Speaker 6:                          Property is a great investment option, but it’s one of the largest purchases that you’ll ever make. As individuals, we’re all limited by our resources and regardless of our experience, knowledge, or time, we can achieve much more with the help of a qualified team, and extra resources being available. Nova Financial specialize in assisting clients to achieve financial freedom through property investment. With over a hundred years of experience, we shape your family’s future. To invest in property with absolute confidence, call us on 0203-8000-600, or visit nova.financial. Meet The Author is a brand-new mini-series involving leading experts in the property industry, including mentors, developers, property lawyers, and other industry experts who share insightful stories about their journey and their books. Each book is compiled by authors with years of valuable experience, tips, and observations providing you with new knowledge about the property industry. To find out more, visit the website, property-tv.co.uk/library.

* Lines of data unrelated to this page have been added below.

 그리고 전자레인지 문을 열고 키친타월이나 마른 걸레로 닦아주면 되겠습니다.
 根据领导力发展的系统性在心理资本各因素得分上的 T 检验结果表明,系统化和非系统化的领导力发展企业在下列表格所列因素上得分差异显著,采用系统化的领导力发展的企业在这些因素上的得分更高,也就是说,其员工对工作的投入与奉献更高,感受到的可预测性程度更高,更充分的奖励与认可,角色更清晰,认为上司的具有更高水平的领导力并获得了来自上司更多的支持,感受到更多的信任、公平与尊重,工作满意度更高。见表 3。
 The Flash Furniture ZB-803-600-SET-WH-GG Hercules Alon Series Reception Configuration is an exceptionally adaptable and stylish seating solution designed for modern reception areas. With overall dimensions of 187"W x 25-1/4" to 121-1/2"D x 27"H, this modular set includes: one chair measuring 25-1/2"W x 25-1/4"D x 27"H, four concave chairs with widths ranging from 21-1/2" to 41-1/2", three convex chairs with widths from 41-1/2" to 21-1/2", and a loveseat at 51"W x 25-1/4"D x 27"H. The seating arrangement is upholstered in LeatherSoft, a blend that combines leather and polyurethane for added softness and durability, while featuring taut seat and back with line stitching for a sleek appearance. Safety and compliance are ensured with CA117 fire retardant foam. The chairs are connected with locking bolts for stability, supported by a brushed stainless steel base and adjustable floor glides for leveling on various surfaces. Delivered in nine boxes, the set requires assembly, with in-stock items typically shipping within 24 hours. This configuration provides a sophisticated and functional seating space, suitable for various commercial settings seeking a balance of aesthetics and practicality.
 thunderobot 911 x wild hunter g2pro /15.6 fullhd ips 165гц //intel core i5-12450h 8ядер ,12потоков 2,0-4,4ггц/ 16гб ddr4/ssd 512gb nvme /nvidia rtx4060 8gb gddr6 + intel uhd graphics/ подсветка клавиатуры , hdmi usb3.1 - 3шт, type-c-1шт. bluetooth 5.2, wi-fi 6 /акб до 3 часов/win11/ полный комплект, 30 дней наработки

Stephen Galpin:                Hello, and welcome back to part two of Property Question Time. I’m Stephen Galpin and with me, I have John Howard, Paul Mahoney, and Angela Worral in Portugal. John, your second question.

John Howard:                    Yes.

Stephen Galpin:                I’m hoping to become a property developer-

John Howard:                    Good.

Stephen Galpin:                …and have attended a number of events providing guidance and advice.

John Howard:                    Excellent.

Stephen Galpin:                I now understand how and where to look for potential projects. I’ve also taken on board the need to have good professional teams around me.

John Howard:                    Thank goodness for that.

Stephen Galpin:                Yes, well-

John Howard:                    Makes a change.

Stephen Galpin:                …my music to ears, isn’t it?

John Howard:                    Yeah.

Stephen Galpin:                Yeah. The one thing that worries me is if the project overruns because of unforeseen difficulties or perhaps a change in the market conditions, how do I protect myself against this situation damaging me?

John Howard:                    Okay. Well, I’ve got bad news for this person.

Stephen Galpin:                He’s on his own?

John Howard:                    No. It will definitely overrun-

Stephen Galpin:                Right.

John Howard:                    …in terms of time and it will probably overrun in terms of cost. That’s why you have a contingency sum. If it’s a new build, I would have five to 7% contingency. If it’s conversion, I would have 10%. If it’s a list of buildings, I would have a 15% contingency, that’s what we work on. So, if something goes wrong, long as it’s within that contingency sum, you’re okay. Make sure you have the cash for the contingency sum because the bank may not let you have any more money. So, you need to have the cash to cover that because the builder won’t finish the job if you can’t pay him.

Stephen Galpin:                You haven’t got the money.

John Howard:                    So, you just need to be careful. Don’t kid yourself. There won’t be an overrun. There will be on time. I think I am quoted as saying I’ve never got it. I’ve got one, right? But never both. And that’s in 40 years. That makes me a bad developer or it makes me human. I don’t know which. It’s very hard to come in on time and on budget, really hard.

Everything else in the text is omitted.